Please write out the whole listing that follows exactly; the pictures stay out.

##### GIVEN DATA

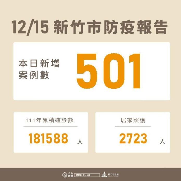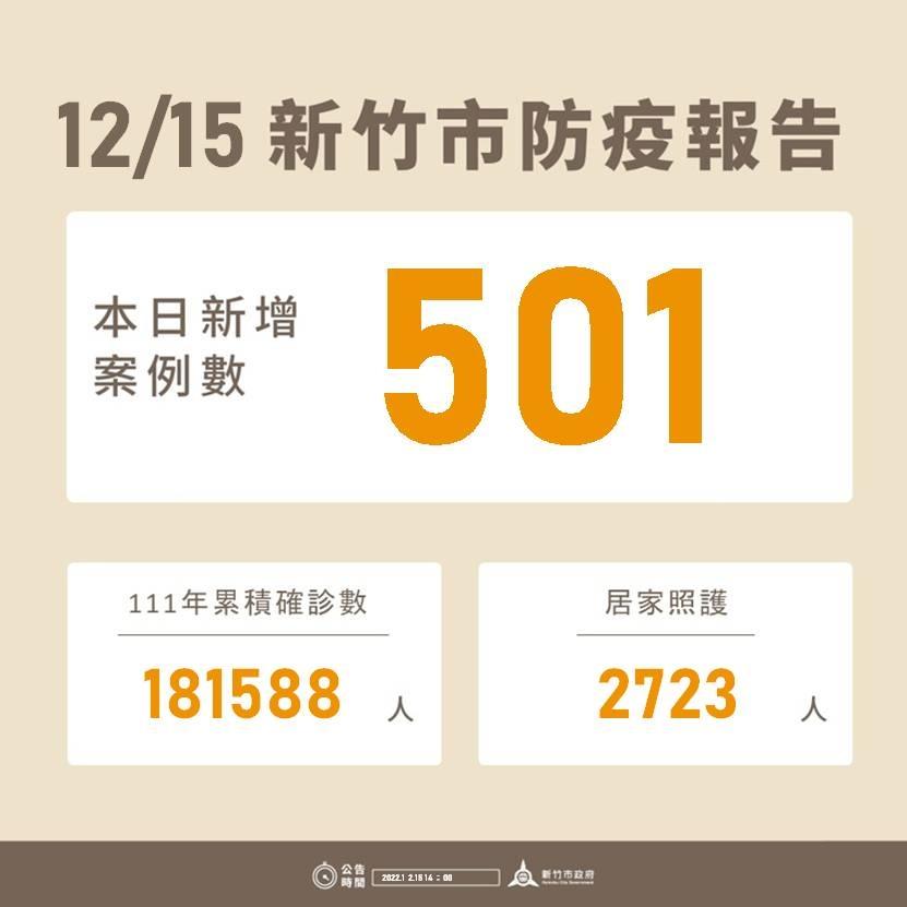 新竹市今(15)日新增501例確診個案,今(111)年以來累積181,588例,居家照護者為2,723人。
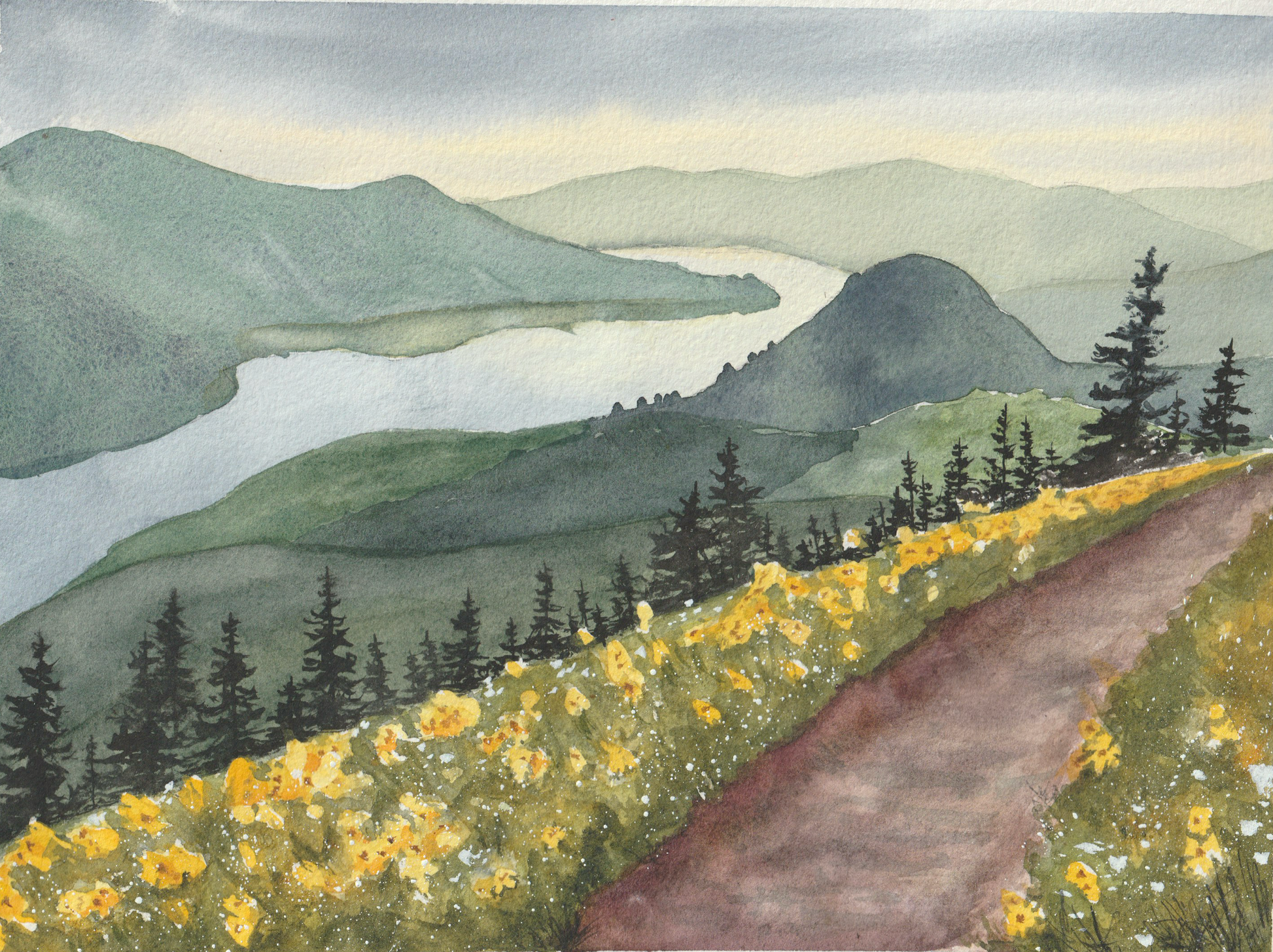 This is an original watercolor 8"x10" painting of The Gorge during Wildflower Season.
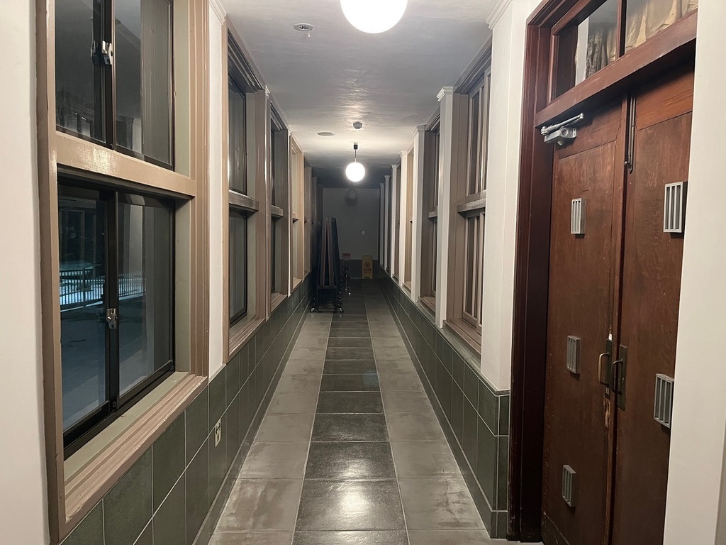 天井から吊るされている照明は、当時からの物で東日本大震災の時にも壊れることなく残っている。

##########

RESPONSE AREA →
 新竹市今(15)日新增501例確診個案,今(111)年以來累積181,588例,居家照護者為2,723人。
 This is an original watercolor 8"x10" painting of The Gorge during Wildflower Season.
 天井から吊るされている照明は、当時からの物で東日本大震災の時にも壊れることなく残っている。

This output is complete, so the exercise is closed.